Booked with Ryanair already? Check your booking now
If you've booked a Ryanair flight and you haven't yet checked, look at the booking confirmation now to ensure the passengers' names have been recorded correctly.
If there's a problem, again, you can change names for free within 24 hours of booking. If it's too late to do that, see below for your options.
I've been told I must pay the fee – can I fight back?

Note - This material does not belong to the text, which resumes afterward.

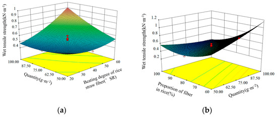 Figure 3. Response surface plot of factors affecting wet tensile strength index: (a) Influence of rice straw fiber and quantity on wet tensile strength index; (b) influence of quantity and proportion of fiber in rice on wet tensile strength index. In the figure, red is the high value area, blue is the low value area, and green is the centered value area.
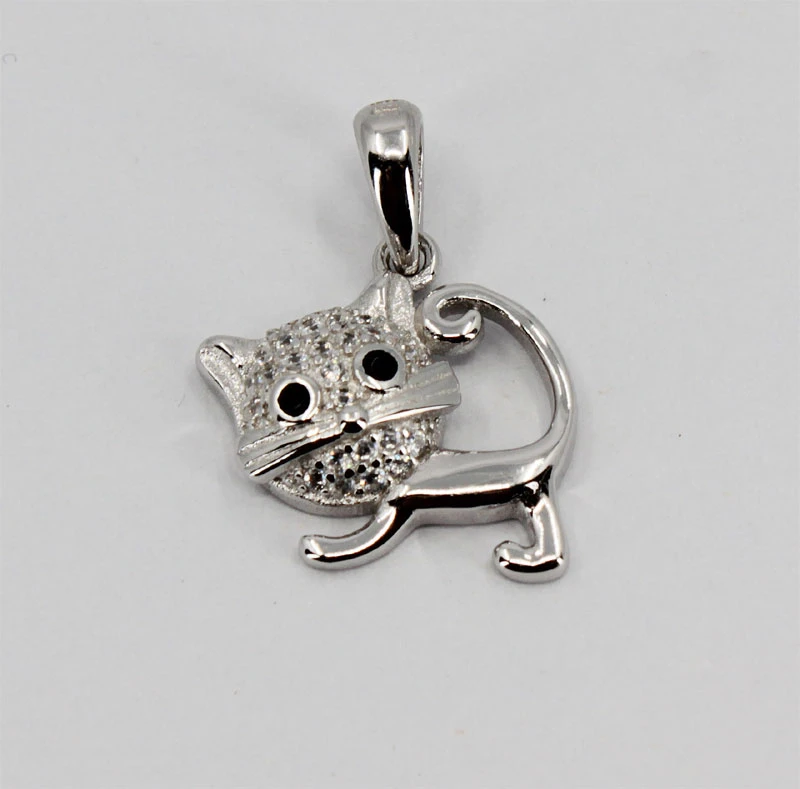 Prívesok mačka za striebra 925/1000. Mačička je navyše osadená prvotriednymi zirkónmi. Povrch prívesku je porhodiovaný. Úprava rhodiovaním dodáva prívesku jasnú farbu s leskom, zvyšuje odolnosť povrchu proti poškriabaniu a zamedzuje prirodzenej oxidácii striebra. Prívesok tak bude mať po dlhú dobu bezchybný vzhľad. Rozmer mačky 16x13 mm. Závesným očkom na prívesku je možné prevliecť striebornú retiazku s priemerom do 3 mm.

Frustratingly, Ryanair's official position is that there is no glitch – meaning if you've got an incorrect name on your booking, you'll be charged the full £115 name-change fee if the 24-hour grace period has passed.
But if you think a name on your booking's been automatically changed and it wasn't your fault, you can try to fight it, though the full steps could require quite a bit of work:
- Gather any evidence. This should include details of your saved Ryanair companions, and any confirmation emails or itineraries. If you're booking a flight now, it's also worth taking screenshots as you go to show you didn't enter any names incorrectly.
- Complain to Ryanair. Passengers have told us they haven't had much luck with Ryanair, but it's still worth a try – and you'll need to contact Ryanair directly before you can escalate any complaints.
You can contact Ryanair via their live chat service or by calling 0330 1007 838 (you'll be charged at local rates), or through the Resolver service. It's also worth complaining publicly via Ryanair's social media channels – one passenger who managed to have her £115 fee waived told us she was eventually helped by a customer service agent on Twitter.
- If this doesn't work, escalate your complaint to the Civil Aviation Authority (CAA). If you're not happy with Ryanair's response – or you don't hear back from them within eight weeks – you can escalate your complaint.
You should usually escalate any complaint about an airline to an approved alternative dispute resolution service (ADR) – but Ryanair cut ties with its ADR earlier this month.
So if your complaint isn't resolved directly through Ryanair, you can go straight to the aviation regulator, the CAA.
The CAA has confirmed that affected passengers can complain to its Passenger Advice and Complaints Team (PACT) using the online form or by calling 0330 022 1916.
- You can try the small claims court as a last resort – but it may cost you. If you're not satisfied with the CAA's response, the last resort would be to take legal action.
There's full info on claiming through the courts in our Small Claims Court guide – but weigh up carefully whether you want to proceed, as you'll have to pay an upfront court fee of at least £25, and could end up liable for other expenses if you lose your case.
What does Ryanair say?
When we published the original story in early December, a Ryanair spokesperson told us: "We were unable to replicate this apparent issue, but we can confirm there is no 'glitch' with our booking system.
"We offer a 24-hour grace period from the time of original booking to correct any minor errors – ie, spelling of names, incorrect routings/dates. Fees will be applied to changes made outside of the 24-hour grace period. The name-change fee is a preventative measure to discourage and prevent unauthorised online travel agents from 'screenscraping' Ryanair's cheapest fares and reselling them on to unwitting consumers at hugely inflated costs."
We've since contacted Ryanair three times, telling it about the fresh evidence from passengers and asking it to investigate further – but it hasn't given us any response at all.